■ DATA SUPPLIED ■
Segment Open

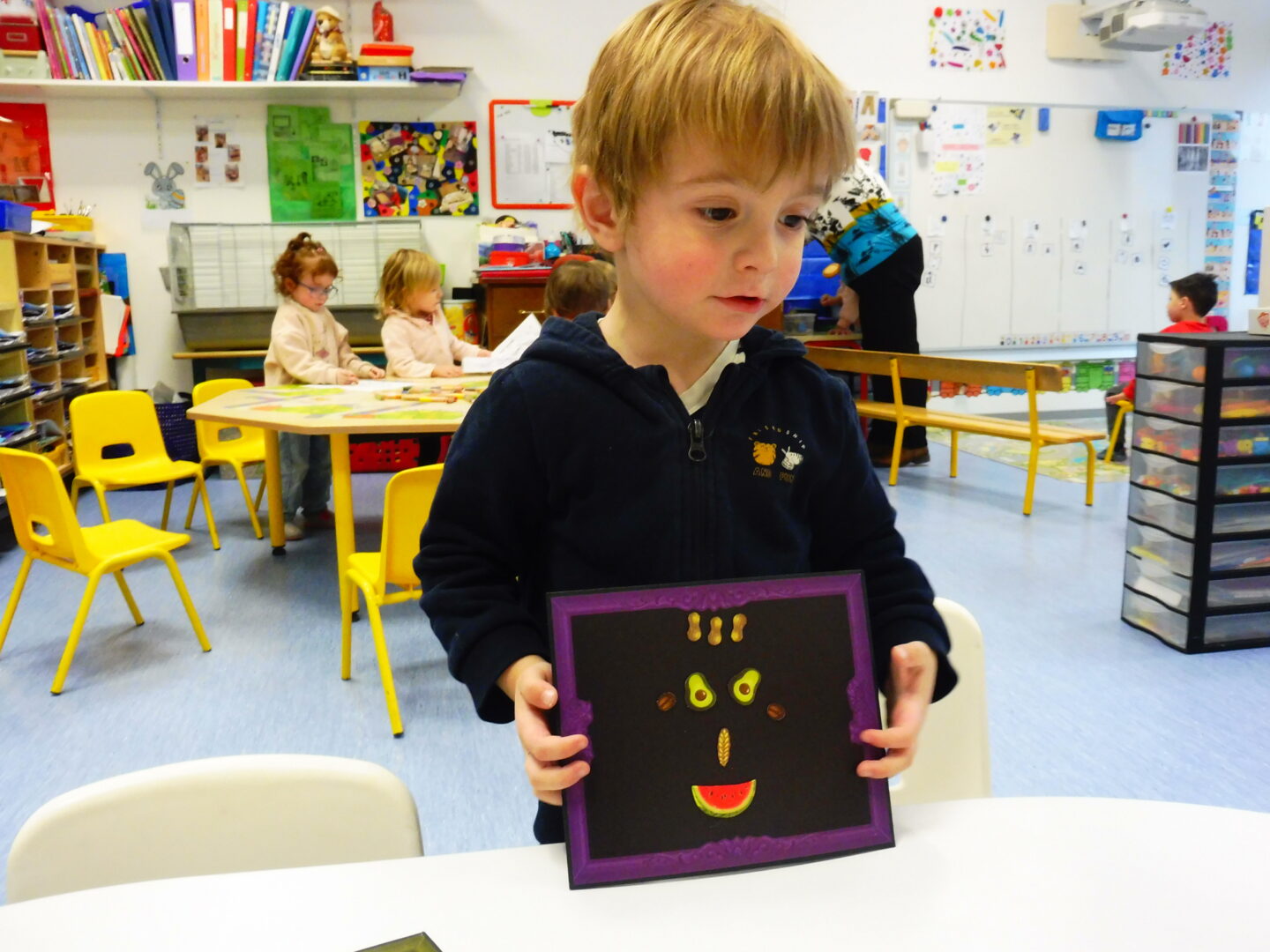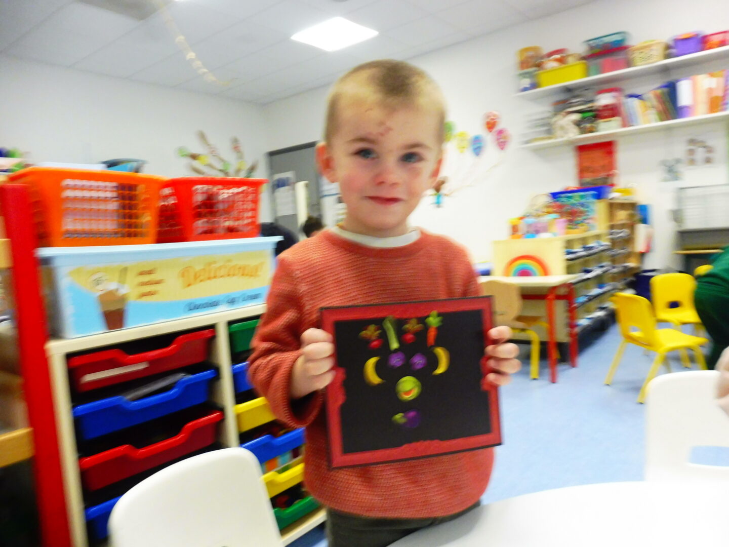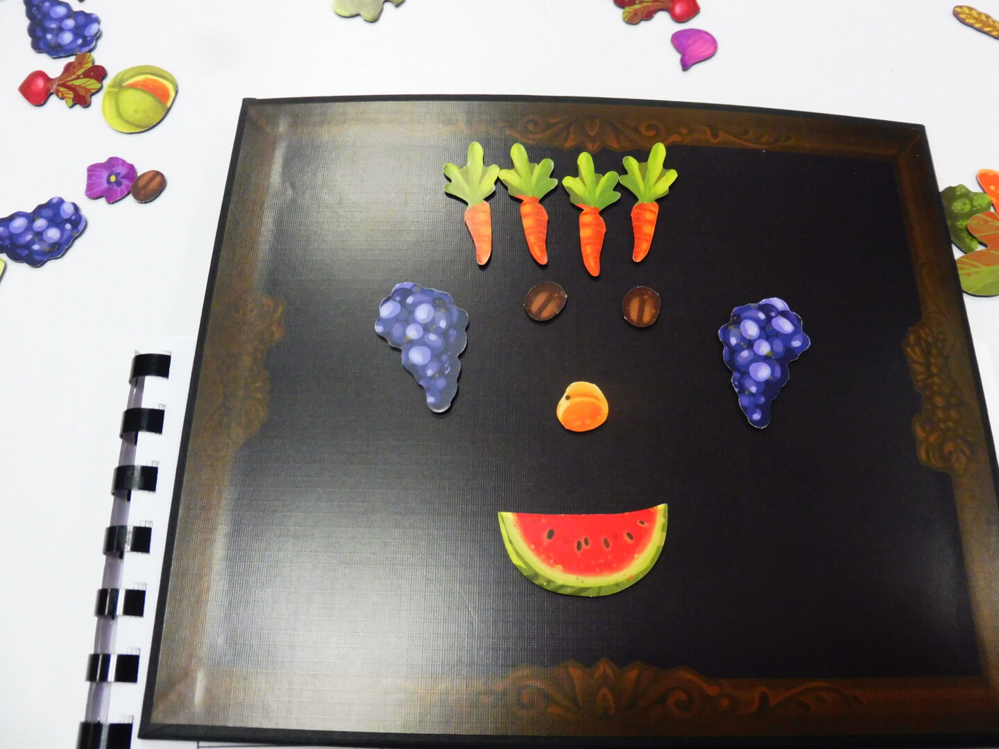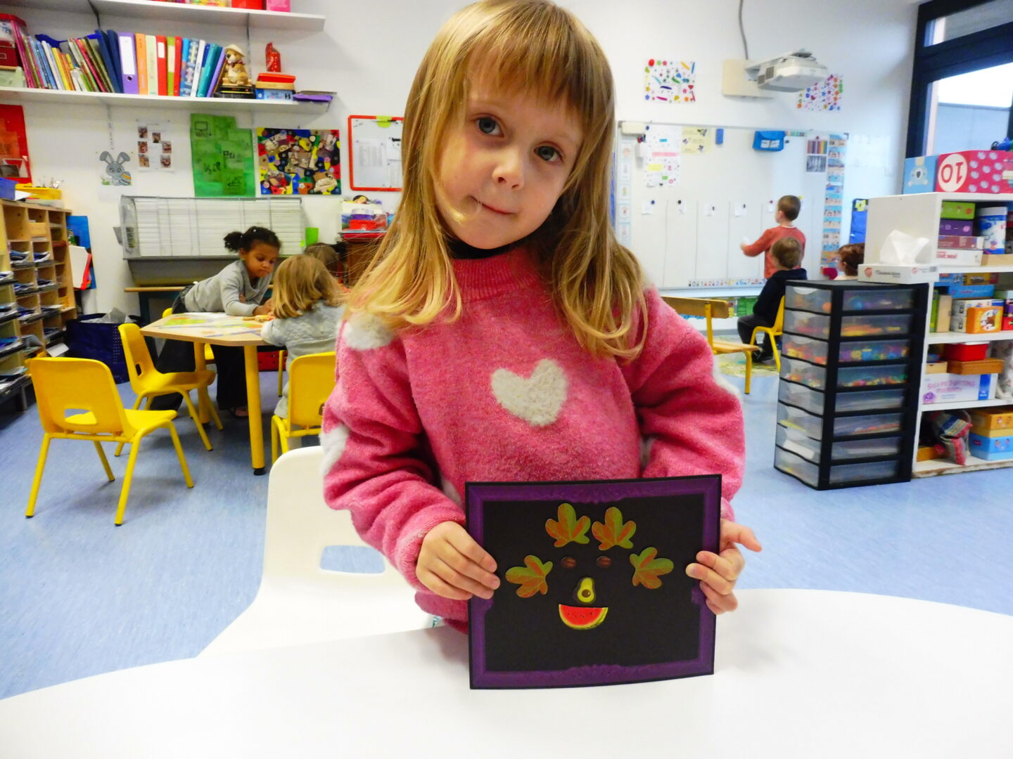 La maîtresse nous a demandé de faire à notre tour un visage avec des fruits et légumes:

Segment Closed
Segment Open

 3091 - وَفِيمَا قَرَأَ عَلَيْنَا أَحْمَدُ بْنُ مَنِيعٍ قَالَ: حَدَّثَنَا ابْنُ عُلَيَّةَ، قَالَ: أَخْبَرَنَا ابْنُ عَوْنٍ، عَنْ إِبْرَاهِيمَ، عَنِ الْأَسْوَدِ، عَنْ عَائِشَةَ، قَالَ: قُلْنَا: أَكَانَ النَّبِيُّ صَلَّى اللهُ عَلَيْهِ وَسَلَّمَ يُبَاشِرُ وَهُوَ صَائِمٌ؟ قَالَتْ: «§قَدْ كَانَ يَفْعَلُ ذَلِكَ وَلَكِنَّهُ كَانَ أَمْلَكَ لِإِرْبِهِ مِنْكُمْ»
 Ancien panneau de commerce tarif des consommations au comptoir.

Segment Closed

■ YOUR TASK ■
Retype exactly the lines above, from the one with "3091 - وَفِيمَا" through the one with "Ancien panneau de", inclusive.

■ ANSWER TO THIS TASK ■
 3091 - وَفِيمَا قَرَأَ عَلَيْنَا أَحْمَدُ بْنُ مَنِيعٍ قَالَ: حَدَّثَنَا ابْنُ عُلَيَّةَ، قَالَ: أَخْبَرَنَا ابْنُ عَوْنٍ، عَنْ إِبْرَاهِيمَ، عَنِ الْأَسْوَدِ، عَنْ عَائِشَةَ، قَالَ: قُلْنَا: أَكَانَ النَّبِيُّ صَلَّى اللهُ عَلَيْهِ وَسَلَّمَ يُبَاشِرُ وَهُوَ صَائِمٌ؟ قَالَتْ: «§قَدْ كَانَ يَفْعَلُ ذَلِكَ وَلَكِنَّهُ كَانَ أَمْلَكَ لِإِرْبِهِ مِنْكُمْ»
 Ancien panneau de commerce tarif des consommations au comptoir.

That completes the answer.